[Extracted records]
──────────────────────────────
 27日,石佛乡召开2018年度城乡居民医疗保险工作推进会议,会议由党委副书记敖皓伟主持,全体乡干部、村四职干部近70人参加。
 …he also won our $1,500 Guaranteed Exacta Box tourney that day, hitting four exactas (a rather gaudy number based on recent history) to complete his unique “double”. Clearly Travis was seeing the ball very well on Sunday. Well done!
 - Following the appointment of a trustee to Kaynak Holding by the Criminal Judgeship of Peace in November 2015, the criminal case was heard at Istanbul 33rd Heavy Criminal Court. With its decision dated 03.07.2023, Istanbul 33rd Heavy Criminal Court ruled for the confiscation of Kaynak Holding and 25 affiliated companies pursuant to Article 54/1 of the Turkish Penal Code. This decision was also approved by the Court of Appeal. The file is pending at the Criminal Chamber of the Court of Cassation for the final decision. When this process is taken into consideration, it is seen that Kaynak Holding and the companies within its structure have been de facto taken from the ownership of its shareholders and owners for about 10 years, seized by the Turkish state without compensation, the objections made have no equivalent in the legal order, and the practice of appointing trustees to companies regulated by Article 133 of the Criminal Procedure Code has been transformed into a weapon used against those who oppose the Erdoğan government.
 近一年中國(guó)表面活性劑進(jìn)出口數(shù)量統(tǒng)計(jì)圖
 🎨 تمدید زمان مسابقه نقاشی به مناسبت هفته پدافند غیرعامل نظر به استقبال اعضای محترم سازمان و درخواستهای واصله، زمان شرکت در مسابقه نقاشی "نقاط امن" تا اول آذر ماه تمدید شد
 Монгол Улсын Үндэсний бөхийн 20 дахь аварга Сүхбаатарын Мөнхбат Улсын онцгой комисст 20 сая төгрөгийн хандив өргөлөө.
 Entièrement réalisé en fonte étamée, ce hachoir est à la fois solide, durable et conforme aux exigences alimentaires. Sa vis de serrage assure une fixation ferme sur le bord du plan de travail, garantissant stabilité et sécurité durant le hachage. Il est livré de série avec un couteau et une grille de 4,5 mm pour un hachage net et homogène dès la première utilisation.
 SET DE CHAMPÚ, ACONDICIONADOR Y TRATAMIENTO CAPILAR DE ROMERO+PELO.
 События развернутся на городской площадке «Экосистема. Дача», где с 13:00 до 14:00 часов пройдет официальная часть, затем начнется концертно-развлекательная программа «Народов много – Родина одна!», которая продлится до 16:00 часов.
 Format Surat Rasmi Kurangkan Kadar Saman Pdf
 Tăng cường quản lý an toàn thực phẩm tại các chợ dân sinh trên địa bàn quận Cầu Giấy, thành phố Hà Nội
──────────────────────────────
• [INSTRUCTIONS FOR THE TASK]:
Give back the line containing "События развернутся на" and all the lines after it through the end of the records, unchanged.

• [RESPONSE TO THIS TASK]:
 События развернутся на городской площадке «Экосистема. Дача», где с 13:00 до 14:00 часов пройдет официальная часть, затем начнется концертно-развлекательная программа «Народов много – Родина одна!», которая продлится до 16:00 часов.
 Format Surat Rasmi Kurangkan Kadar Saman Pdf
 Tăng cường quản lý an toàn thực phẩm tại các chợ dân sinh trên địa bàn quận Cầu Giấy, thành phố Hà Nội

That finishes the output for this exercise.